敵によって殺され、食べられるという現象が、トゥピ系諸民族に共通する、人の腐敗しうる部分を昇華することによる不死性の達成という問題系(参照省略)の文脈で理解されなければならないこと、また、トゥピナンバの外ー食人が、直接に一つの葬送体系となっていたことは疑いない。しかしまた、トゥピナンバが敵をむさぼり食ったのが、哀れみからではなく復讐と名誉のためであったということも、同じように確かである。ここにおいてわれわれは、私には根本的と思われる社会学的モチーフに遭遇する。このモチーフは、腐敗することと腐敗しえないことに関する人格論的な主題よりも、さらに根本的であるかもしれない何かーー宣教師たちのよる教化と改宗の努力に対し、食人慣習以上に抵抗した何かに関わるものである。敵の死、および敵の手による死が可能にしていたものとは、復讐の永続化そのものであった。

[そして]彼らがそのように敵の肉を食べるに至った後では、敵の側の憎しみは永久に確固たるものとなる。というのも、彼らはそのことにとても強い侮辱を感じるからであり、このため互いに仇を討つことを必ず求めるようになるからである・・・。(同上1576:139)
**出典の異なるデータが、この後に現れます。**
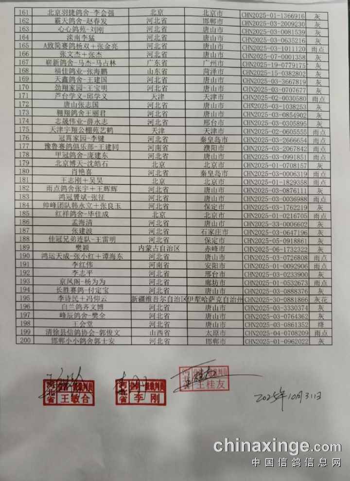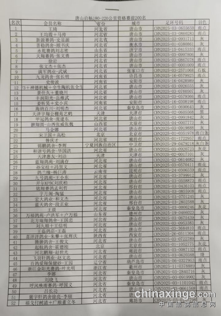 唐山启航公棚>180-220公里资格赛前200名获奖鸽名单
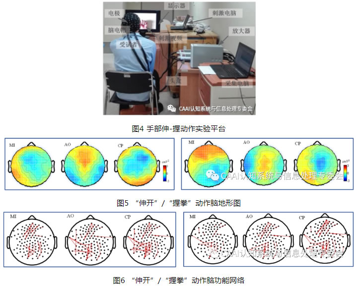 為了提G運動想象動作與所需要的康復肢體的直接相關性,本課題組設計了手部伸-握動作直接相關的運動想象和動作觀察相結合的復合范式實驗,以實現(xiàn)更好的手部主動康復。運動想象是讓受試者去想象某一個動作,不用產生任何肌肉活動,調動主觀意念在心理上反復模擬或復現(xiàn)相應動作。動作觀察是讓受試者觀看日常生活手的基本動作(如抹桌子、洗衣服等視頻動作),然后盡力去模仿視頻中所出現(xiàn)的動作。通過ERSP(時間相關譜擾動)、腦地形圖和腦功能網絡計算分析了伸-握動作運動想象和動作觀察對大腦皮層的激活規(guī)律。
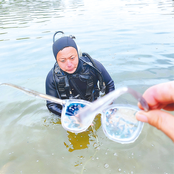冰冷的河水、复杂的水况没有阻挡住贾孟杰的脚步。他凭借海军退役军人的硬朗体质和丰富的水上救援经验,在浑浊的河水中仔细搜寻、精准定位。经过一番紧张不懈的努力,那副遗失的眼镜终于被成功打捞上岸(如图)。
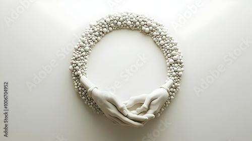 © Netaya, Fototapeta premium 3D Glossy Plain Background with Handshake Icons in Circular Pattern - Community & Partnership Concept with Generous Copy Space
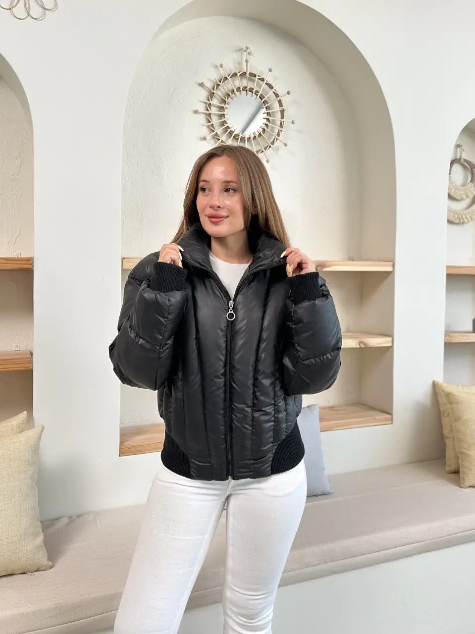 Şık ve modern tasarımıyla dikkat çeken Puffer kısa mont, şıklığı ve konforu bir arada sunuyor.
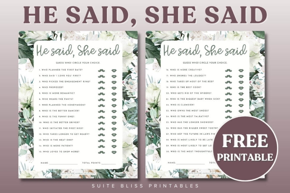 So if you’re looking for a fun and free printable bridal shower game that will get everyone talking and laughing, consider playing He Said She Said. It’s a surefire way to make the celebration memorable and enjoyable for all the guests.

他人の手による死がすばらしい死であったのは、それが報復されうる死、すなわち正当であり、それに対して復讐を遂げることが可能な死であったからである。それは意味のある死であり、価値や人格を生み出すことができる死であった。アンドレ・テヴェは、いかにして自然の宿命としての死が社会的な必然性に転換され、さらには後者が個人の徳へと転換されるかを、巧みに表現している。

捕虜が、[自分が間もなく処刑され、食べられるという]この知らせに衝撃を受けるなどと考えてはいけない。というのも彼らは、自らの死は名誉なことであり、またそのように死ぬことは、故郷にいて何かの伝染病で死ぬよりもはるかによい、という考えをもっているからである。というのも(彼らのよれば)、人々を傷付け命を奪う死なるものに対して復讐することはできないが、戦争において虐殺された者の仇を討つことは十分にできるからである。(Thevet 1575:196)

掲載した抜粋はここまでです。